For the data below, retype word for word the lines from the one containing "A 20th century" through the one containing "насколько я помню, это"; drop the pictures.

• The data:
=-=-=-=-=
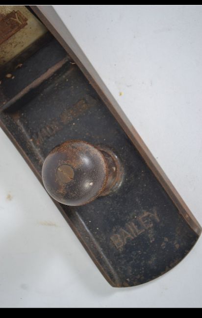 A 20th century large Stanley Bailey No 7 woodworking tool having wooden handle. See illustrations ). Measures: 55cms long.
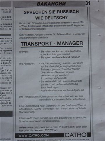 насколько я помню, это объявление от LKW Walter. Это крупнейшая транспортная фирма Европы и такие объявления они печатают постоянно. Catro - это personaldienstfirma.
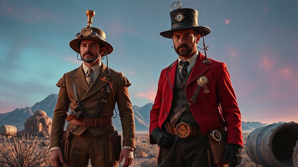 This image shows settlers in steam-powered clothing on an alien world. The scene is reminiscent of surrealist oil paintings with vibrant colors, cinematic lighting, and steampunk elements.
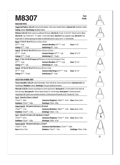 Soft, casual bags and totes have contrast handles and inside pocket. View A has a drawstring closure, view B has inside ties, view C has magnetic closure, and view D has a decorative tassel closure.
=-=-=-=-=
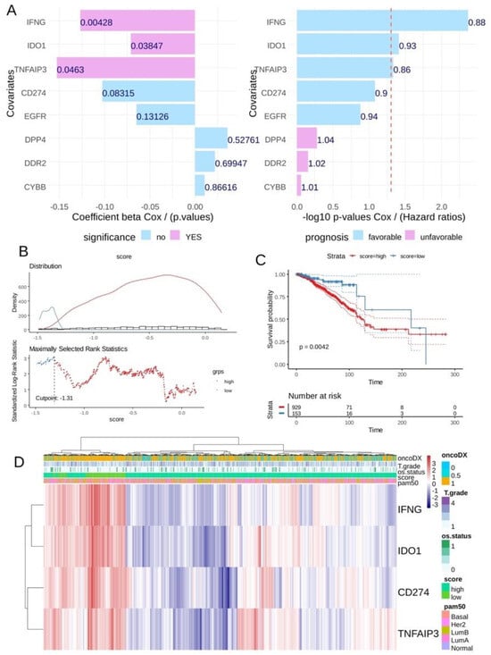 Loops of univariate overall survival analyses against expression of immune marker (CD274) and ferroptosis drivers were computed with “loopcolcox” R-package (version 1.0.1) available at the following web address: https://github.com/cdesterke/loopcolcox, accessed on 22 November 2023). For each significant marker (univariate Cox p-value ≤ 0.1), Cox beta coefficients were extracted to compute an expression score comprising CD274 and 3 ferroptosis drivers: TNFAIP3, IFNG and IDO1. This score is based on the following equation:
=-=-=-=-=
• Answer for the task:
 A 20th century large Stanley Bailey No 7 woodworking tool having wooden handle. See illustrations ). Measures: 55cms long.
 насколько я помню, это объявление от LKW Walter. Это крупнейшая транспортная фирма Европы и такие объявления они печатают постоянно. Catro - это personaldienstfirma.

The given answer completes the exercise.